In her latest works, Shrestha has used squares as the motif, which has become her trademark. In a few of her paintings, there are faces with half-closed eyes, which, according to Shrestha, is a motif used to depict the emotions as the face is considered as the true reflection of the people and the feelings they are going through.
Another common underlying theme in her recent artworks is faith and hope.
In many of the exhibited artworks, there are images of Lord Ganesh and other religious images like a mandala, lotus, and a peacock feather. Similarly, the paintings also feature texts of many Buddhist and Hindu chants like ‘Om Mani Padme Hum’ and ‘Vakratunda Mahakaya’ juxtaposing with sharp divine colours like blue, red, and yellow.

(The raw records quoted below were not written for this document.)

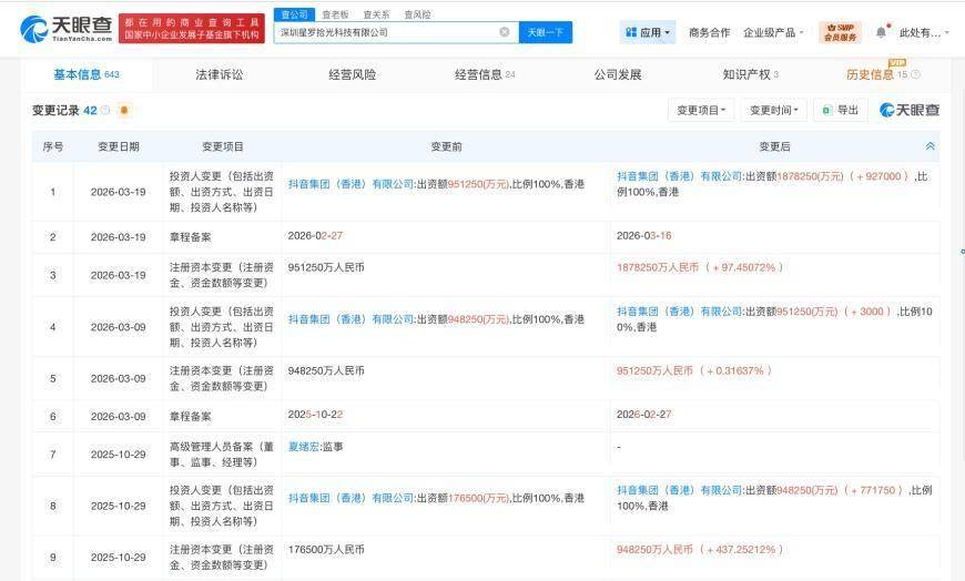 天眼查工商信息显示,近日,深圳星罗拾光科技有限公司发生工商变更,注册资本由约95.1亿人民币增至约187.8亿人民币,增幅约97%。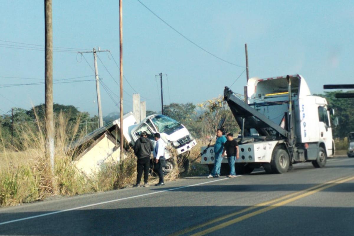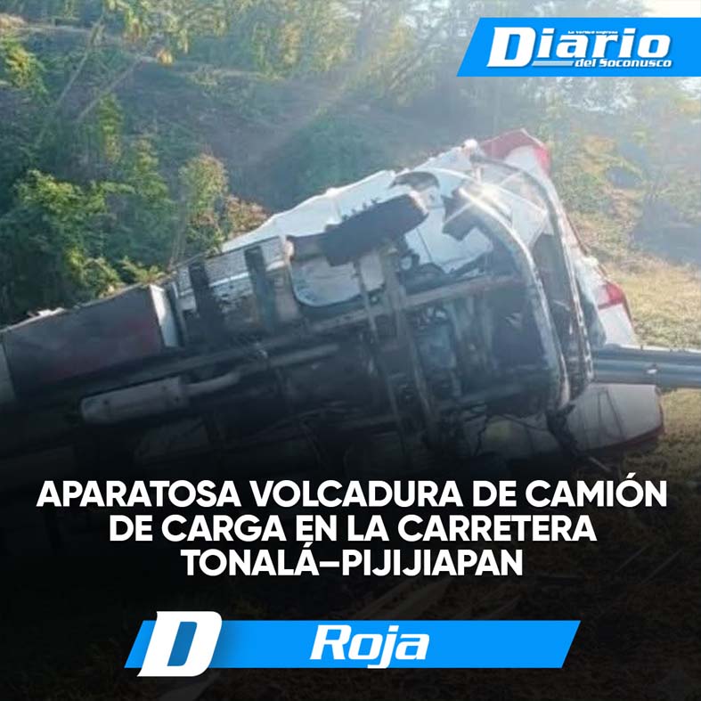 Aparatosa volcadura de camión de carga en la carretera Tonalá–Pijijiapan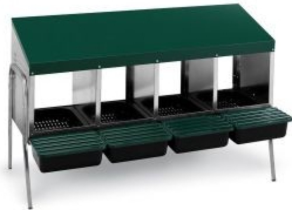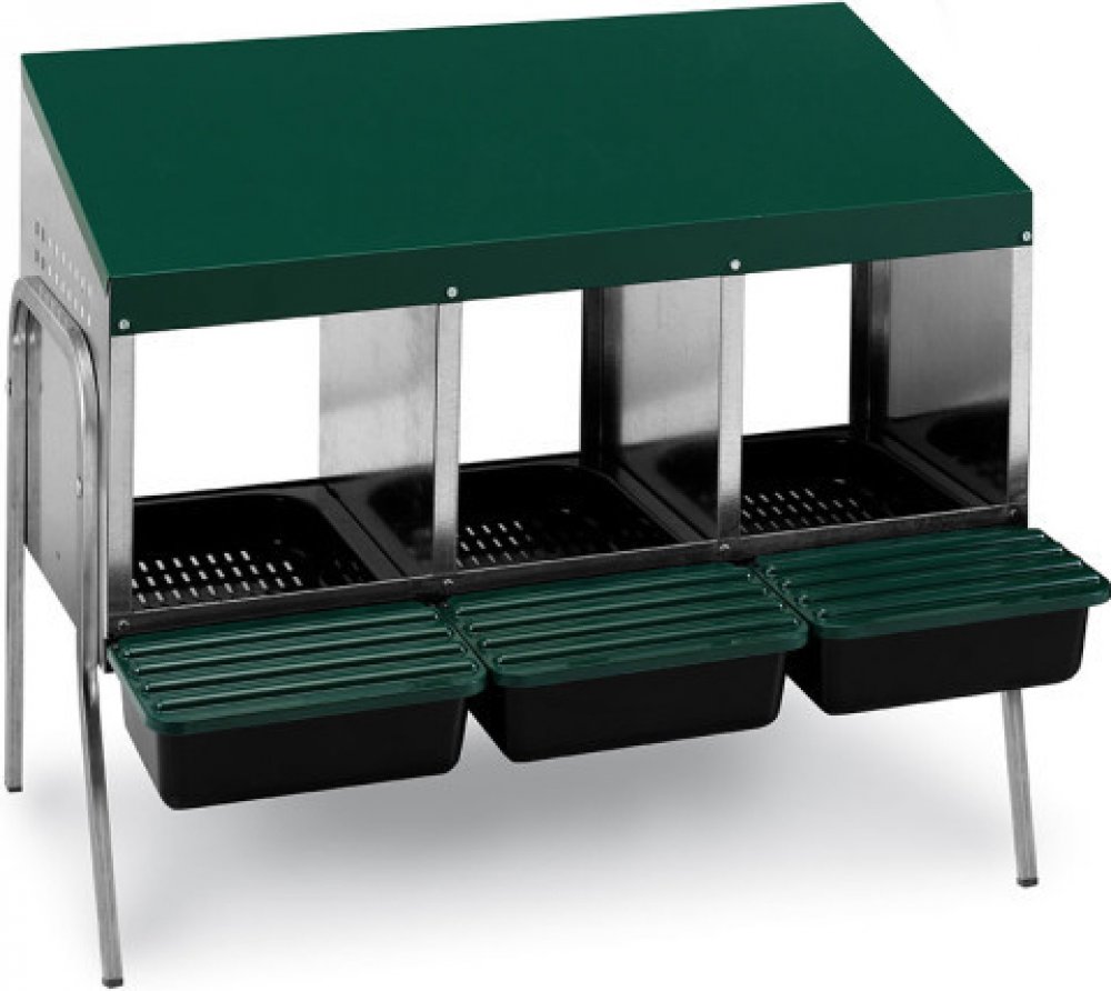Snáškové hnízdo pro slepice se sběrným košíkem na vejce, trojmístné na nožičkách, až pro 15 nosnic, kovové, na zem, snadná údržba. Jedná se o skvělého pomocníka každého chovatele drůbeže. Snáškové hnízdo zamezí rozbíjení a znečišťování vajec, jelikož dno snáškového hnízda je spádové. Vejce se tedy po snesení odkutálí do zásobníku, ze kterého si čistá a nepoškozená vejce pouze jednoduše odeberete. ...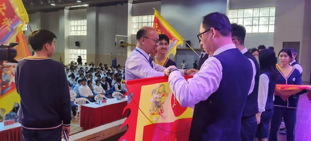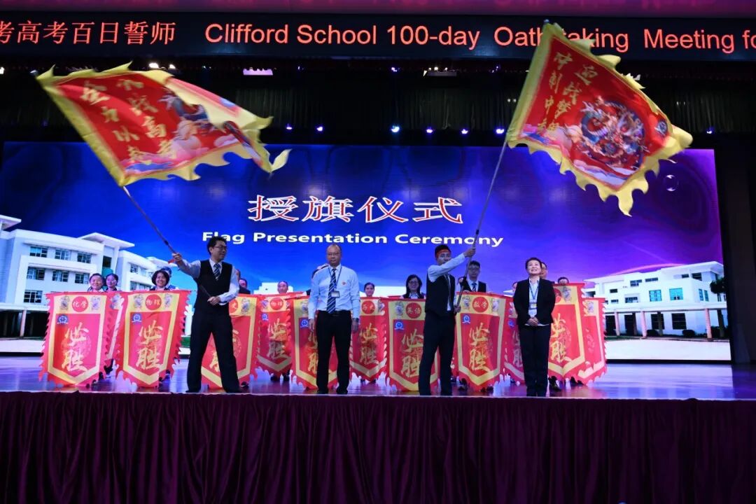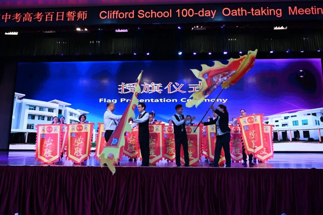 在100天揭牌和授旗仪式这庄重而激动人心的时刻,祈福英语实验学校郑小兵校长、韩轶敏副校长、初三高三家委、初三高三级长在大家的共同见证下,徐徐拉下100天牌匾,紧接着郑小兵校长授旗给各科备长。授予旗帜,是交付责任;接递旗帜,是传承辉煌。此刻国际楼一楼体育馆里战旗飘扬,舞出奋战百日的信心,更舞出冲刺高考的斗志。

Shrestha says that before the pandemic, she rarely used religious motifs in her paintings.
“During the pandemic, like most people, I frequently prayed to gods and goddesses to protect my friends and family from the pandemic. And because at that time I believed so much in religious faith and doing so provided me peace, I was inspired to use the religious motifs in my new artworks,” says Shrestha.
At the core, her artworks reflect our experiences and emotions of the last few months. The artworks mirror our strength, optimism, and faith.
However, none of the artworks in the exhibition is titled. There are just numbers pasted below the paintings. Unlike most exhibitions, there are no statements pasted below the artworks displayed. Only the brochures—which mainly divulge the exhibition’s theme—provide information to the viewers.
For visitors, this might make it difficult to keep track of the works.
But according to Shrestha, this is something done intentionally. She says she doesn’t want to overload the visitors with information or preconceived views as she wants people to derive their own meaning.
“I want people to engage with my artworks. I want them to look at works and derive their own interpretations based on their own experiences and how they could resonate with my work. If I had put a statement or any text, it would have limited the meaning of my work, which I don’t want to happen,” says Shrestha.
In her two-decade-long career, Shrestha has done more than 200 group exhibitions. But this is her only second solo exhibition.
“I don’t do solo exhibitions just for the sake of it. I only do so when I am satisfied with my works. I am pleased with the artworks that I have created and are on display at this exhibition," says Shrestha. "I think I have been able to encapsulate the feelings of hope and despair, which I went through during the lockdown in my works.”